Having wended my way out of the dark forest, I now squint back unto the city cast in harsh light. I’ve a sense as to the work I am called to do.
Things to look forward to in 2026:
- The School of Fox Wizardry™ // A nine-month program in which you will cultivate the wit, wisdom and wiles needed to flourish as a ‘thought leader’ in this new age of cheap intelligence. Be the one they turn to.™
- The Lantern Guild™ // If the school goes well, we may well get a guild for rogue wizards happening. Thieves’ guild vibes. A network of construct-aware independent consultants and complexity practitioners who collectively band together for wicked challenges and collective projects. Work magic.™
- The Ritual of Becoming™ // I intend to run two cohorts of a new and improved program next year. One per equinox, with a view of having you primed or ready come solstice. A program of catalytic mythopoetic development for adults who have outgrown goal setting, and who seek to court and step into a new chapter of life. Attend to your unfurling.™
- I might offer a couple of WYRD Walks™ in nature, co-hosted with friends.
- I’m also courting the idea of organising what we might call A WYRD Retreat™—an extended, multi-day container of quality deep time together.
My liberal use of trademark symbols is sincere-ironic, btw. It’s also part of tending to their manifesting; telling ‘truth in advance’ and alchemising enduring whimsy into something a little more real and realised.
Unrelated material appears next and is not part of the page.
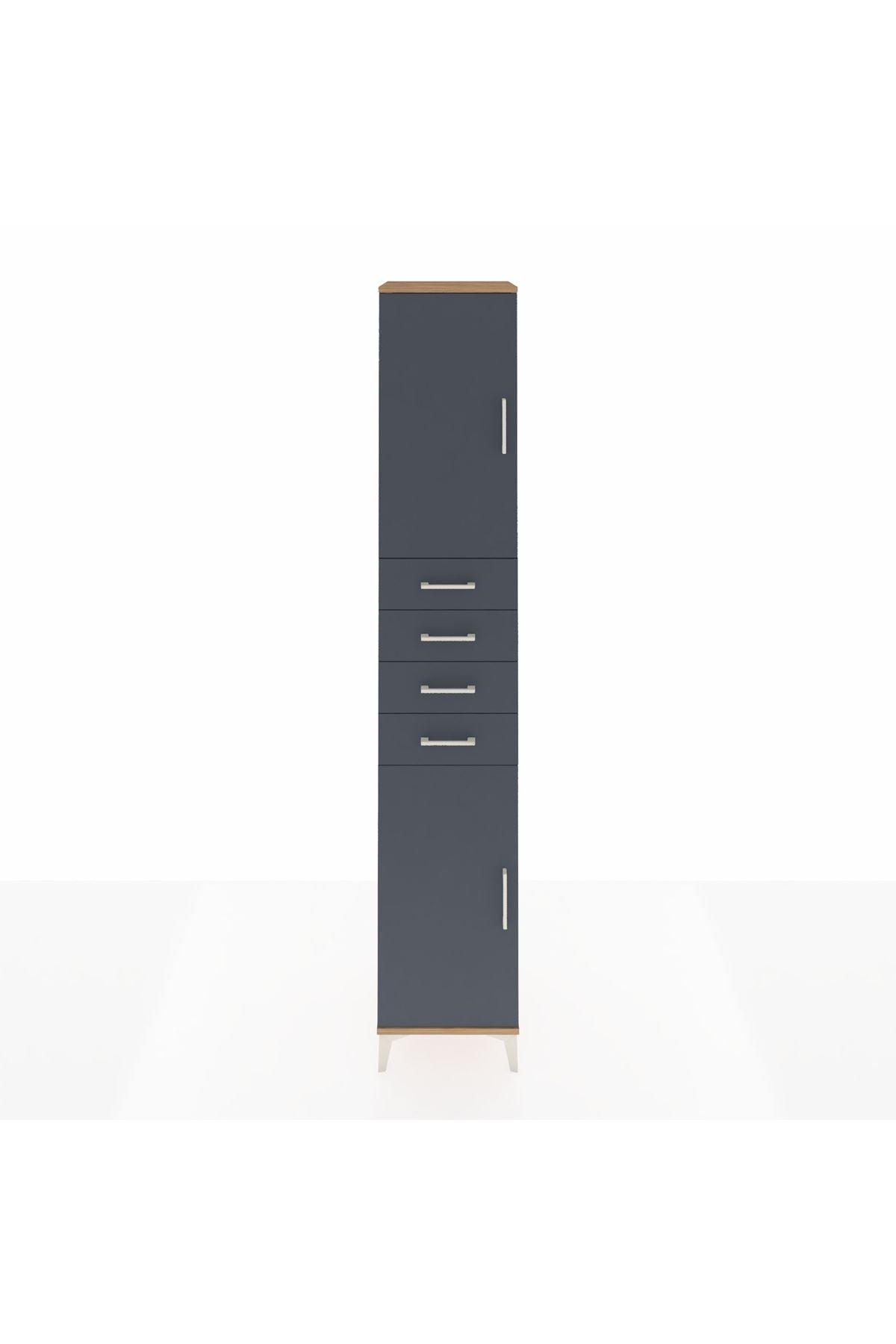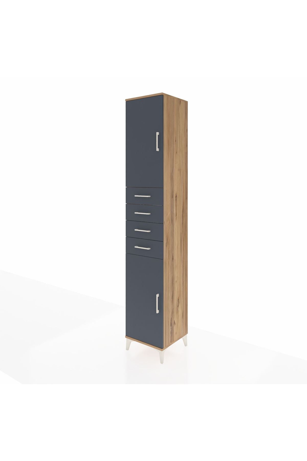 Hyperion Dolap 4 Raflı 4 Çekmeceli 2 Kapaklı 44x44x243 Çam-Antrasit
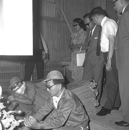 [LIM SWEE AUN (C )] THE MINISTER OF COMMERCE AND INDUSTRY, DR LIM SWEE AUN ACCOMPANIED BY MRS LIM BEING SHOWN AROUND SINGAPORE CEMENT MANUFACTURING LTD DURING HIS TOUR OF SINGAPORE FACTORIES.

It’s literally WYRD Work™—attending to that what becomes.
I’ll be sharing much more on this in the seasons and cycles to come.

Dr. Jason Fox will also have new and legendary keynotes, masterclasses and immersions for adult motivation and leadership development.
Change is everywhere, but I still find that many organisations approach this mechanistically (and reactively), with far too narrow a focus. These are times that demand for us to be alive, awake, and attuned to the adjacent possible—for only that which can change can continue.[^ Anecdotally, and with extreme bias, teams who quest tend to do much better than those who do not.]
Speaking of: both of my websites—foxwizard.com and drjasonfox.com—carry the unsettling aura of the dark forest. My January task is to bring these into new light.
Thank you for reading/listening/subscribing.
(ᴗ͈ˬᴗ͈)ꕤ.゚
This past half-decade dark forest cocoon-sabbatical chapter has been fruitful; much has now coalesced. A curse has—well, if not lifted, then at least—shifted. And I feel all the better for it.
I’ve many wishes for you as the Gregorian calendar clicks over. Mostly that you are safe and well, and that this new year might bring a deeper sense of community, kinship and courage. I suspect 2026 is going to be a tumultuous one.
I also wish for us all to cultivate a tenderness despite.[^ To borrow the words from one of the participants in The “Choose One Word” Ritual of Becoming.]